== Material provided ==
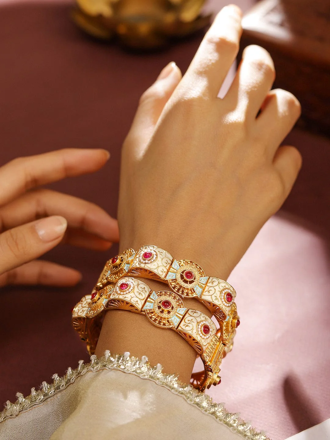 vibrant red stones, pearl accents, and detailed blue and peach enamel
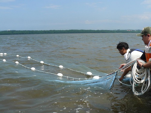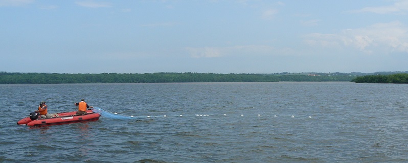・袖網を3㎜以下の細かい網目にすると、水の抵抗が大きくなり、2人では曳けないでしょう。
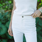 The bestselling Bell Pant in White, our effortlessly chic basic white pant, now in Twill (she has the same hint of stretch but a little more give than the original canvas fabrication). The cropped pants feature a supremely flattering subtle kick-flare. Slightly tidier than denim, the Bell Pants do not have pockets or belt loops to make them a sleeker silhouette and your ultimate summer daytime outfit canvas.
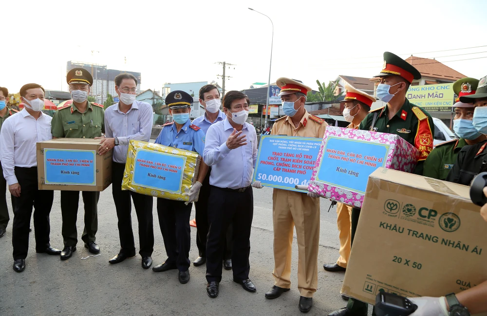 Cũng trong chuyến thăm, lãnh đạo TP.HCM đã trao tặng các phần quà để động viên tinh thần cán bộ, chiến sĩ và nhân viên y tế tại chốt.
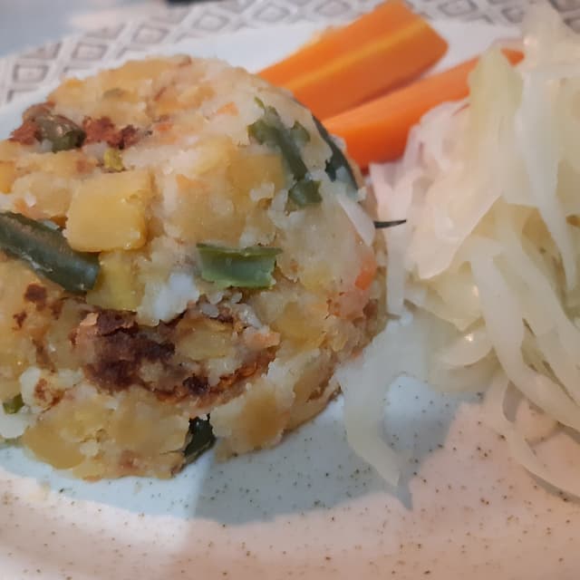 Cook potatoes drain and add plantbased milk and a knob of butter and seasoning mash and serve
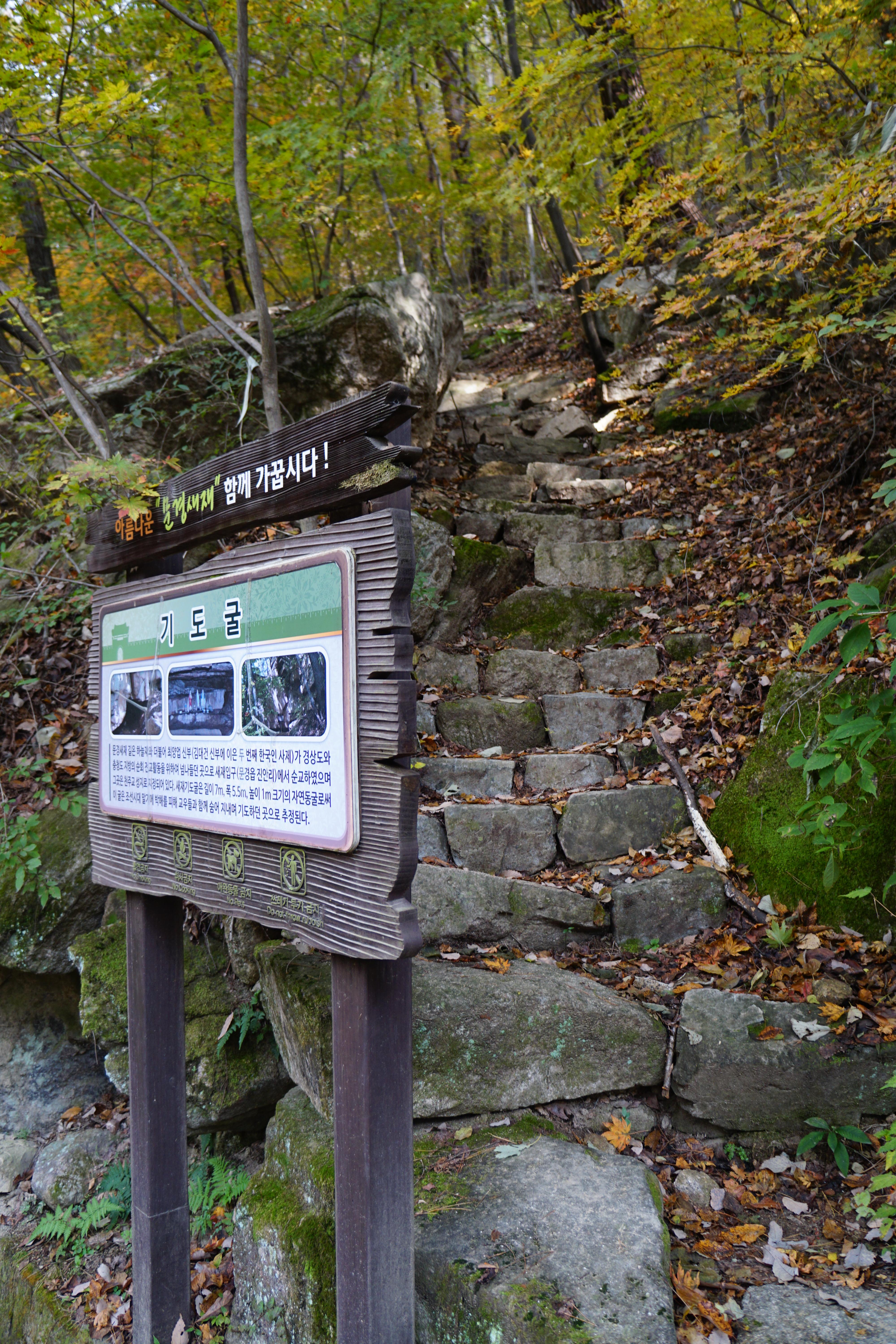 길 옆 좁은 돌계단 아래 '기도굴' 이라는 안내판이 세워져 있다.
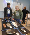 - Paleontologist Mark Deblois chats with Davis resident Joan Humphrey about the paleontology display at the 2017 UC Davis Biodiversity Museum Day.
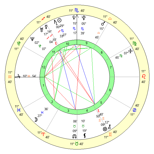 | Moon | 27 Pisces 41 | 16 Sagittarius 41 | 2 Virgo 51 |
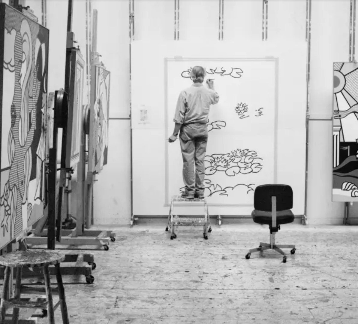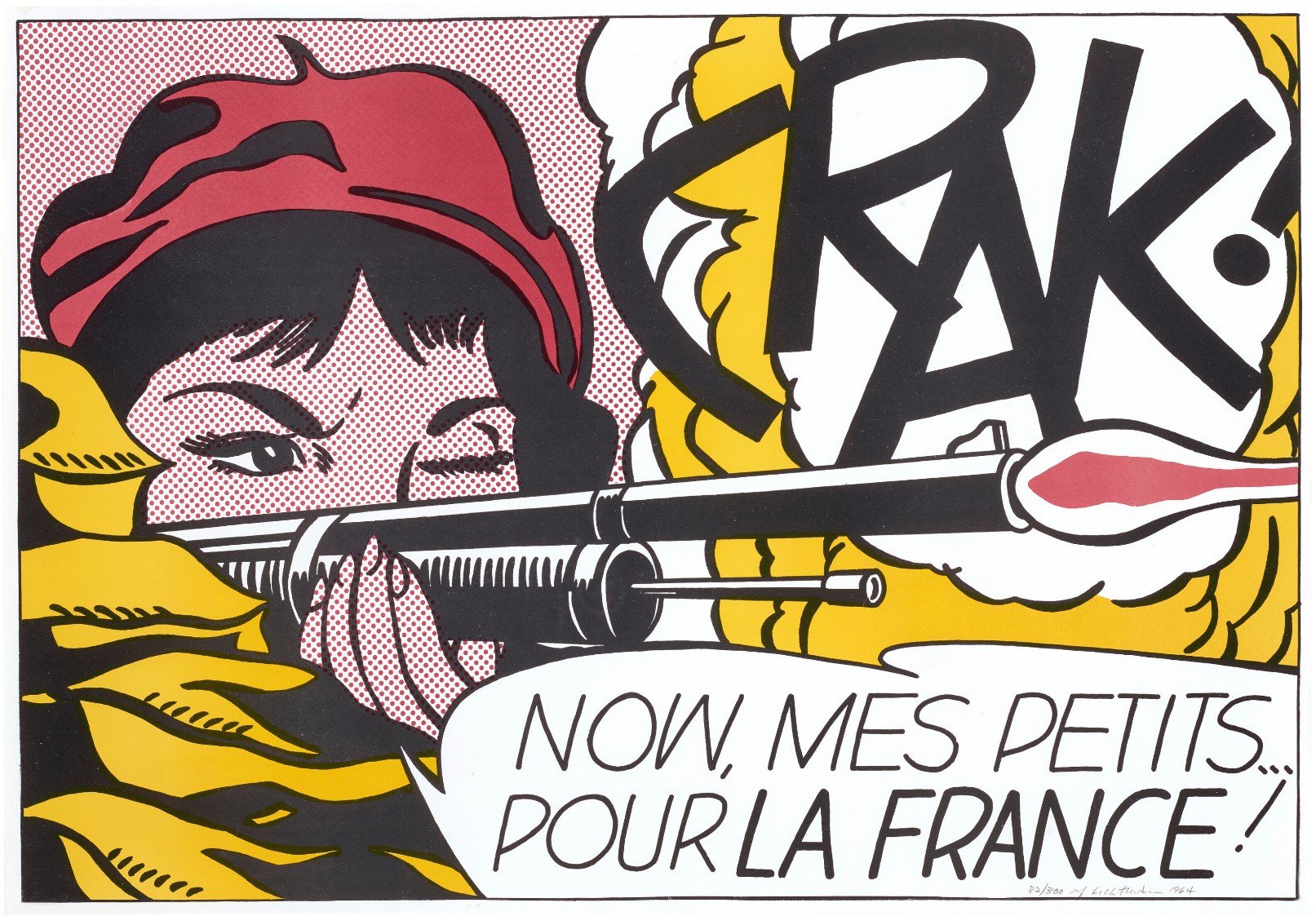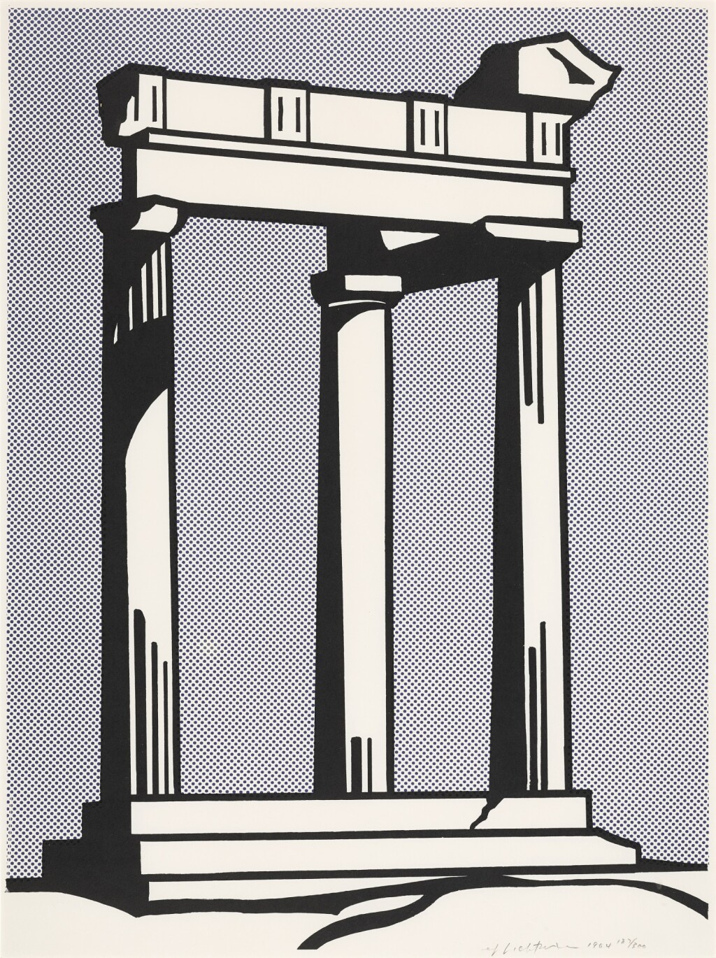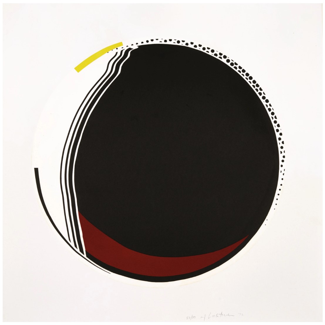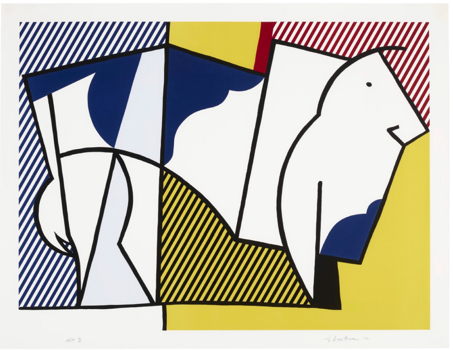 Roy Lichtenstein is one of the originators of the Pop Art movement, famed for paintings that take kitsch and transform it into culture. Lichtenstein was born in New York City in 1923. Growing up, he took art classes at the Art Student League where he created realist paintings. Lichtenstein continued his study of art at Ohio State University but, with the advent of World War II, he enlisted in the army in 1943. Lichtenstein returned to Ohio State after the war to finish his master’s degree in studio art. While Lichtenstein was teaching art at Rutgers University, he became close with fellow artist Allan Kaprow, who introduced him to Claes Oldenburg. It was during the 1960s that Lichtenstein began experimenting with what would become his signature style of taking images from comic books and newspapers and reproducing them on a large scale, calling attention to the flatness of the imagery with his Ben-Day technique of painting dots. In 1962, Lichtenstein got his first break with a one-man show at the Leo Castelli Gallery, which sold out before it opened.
===
== Material provided ==
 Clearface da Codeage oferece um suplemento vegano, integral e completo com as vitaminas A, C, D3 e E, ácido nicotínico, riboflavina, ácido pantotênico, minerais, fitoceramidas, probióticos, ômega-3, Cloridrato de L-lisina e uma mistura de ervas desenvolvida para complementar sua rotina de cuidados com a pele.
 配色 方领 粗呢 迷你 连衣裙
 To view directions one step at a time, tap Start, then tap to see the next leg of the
===
== Material provided ==
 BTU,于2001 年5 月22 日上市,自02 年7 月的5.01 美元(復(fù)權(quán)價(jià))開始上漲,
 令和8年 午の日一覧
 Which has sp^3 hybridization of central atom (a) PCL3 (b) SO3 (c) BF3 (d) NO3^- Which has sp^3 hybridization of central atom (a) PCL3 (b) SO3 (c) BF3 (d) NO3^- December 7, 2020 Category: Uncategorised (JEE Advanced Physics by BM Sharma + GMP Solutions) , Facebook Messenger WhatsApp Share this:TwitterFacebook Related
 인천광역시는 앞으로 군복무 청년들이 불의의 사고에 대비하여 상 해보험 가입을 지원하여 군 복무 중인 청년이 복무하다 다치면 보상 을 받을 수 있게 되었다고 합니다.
===
### Work instruction
Reproduce only the lines above, starting at the line with "Share this:TwitterFacebook Related" and ending at the line with "인천광역시는 앞으로 군복무", exactly as written.

### Solution
 Which has sp^3 hybridization of central atom (a) PCL3 (b) SO3 (c) BF3 (d) NO3^- Which has sp^3 hybridization of central atom (a) PCL3 (b) SO3 (c) BF3 (d) NO3^- December 7, 2020 Category: Uncategorised (JEE Advanced Physics by BM Sharma + GMP Solutions) , Facebook Messenger WhatsApp Share this:TwitterFacebook Related
 인천광역시는 앞으로 군복무 청년들이 불의의 사고에 대비하여 상 해보험 가입을 지원하여 군 복무 중인 청년이 복무하다 다치면 보상 을 받을 수 있게 되었다고 합니다.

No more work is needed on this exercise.